— Records provided —
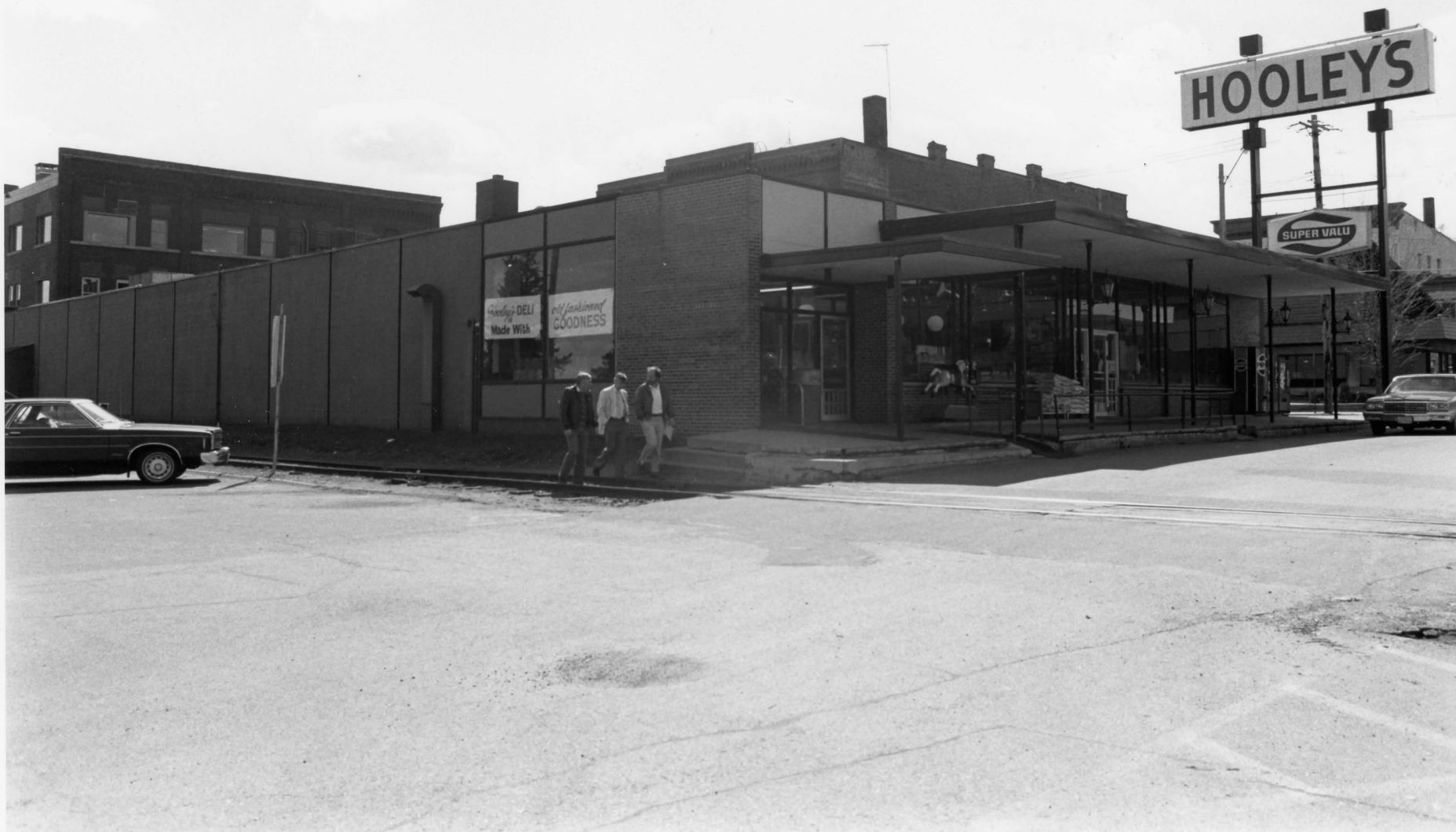
(HOOLEY'S MARKET) 127 S. WATER (NON-CONTRIBUTING) STILLWATER HISTORIC COMMERCIAL DISTRICT STILLWATER, WASHINGTON CO., MN PHOTO # 010044-4
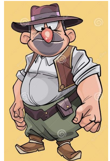
My Body--on a Good Day
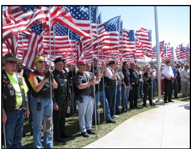
Hundreds of flags were carried by those in attendance
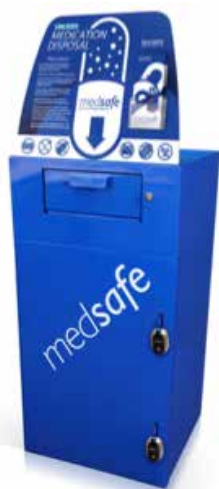
Sharps Compliance, Inc.

When opting for automatic liner delivery, be sure to schedule a liner replacement frequency that will meet demand to avoid purchasing expensive unscheduled liner replacements. If a liner fills more quickly than anticipated and an off-schedule liner is needed, order it as soon as possible. Locking and suspending use of a full receptacle can result in customers discarding medications for disposal on/around the receptacle.

— Task description —
Once you have returned the line containing "Sharps Compliance, Inc.", stop; begin at the first line of the material, keep each line exact, and skip the pictures.

— Answer to the exercise —
(HOOLEY'S MARKET) 127 S. WATER (NON-CONTRIBUTING) STILLWATER HISTORIC COMMERCIAL DISTRICT STILLWATER, WASHINGTON CO., MN PHOTO # 010044-4
My Body--on a Good Day
Hundreds of flags were carried by those in attendance
Sharps Compliance, Inc.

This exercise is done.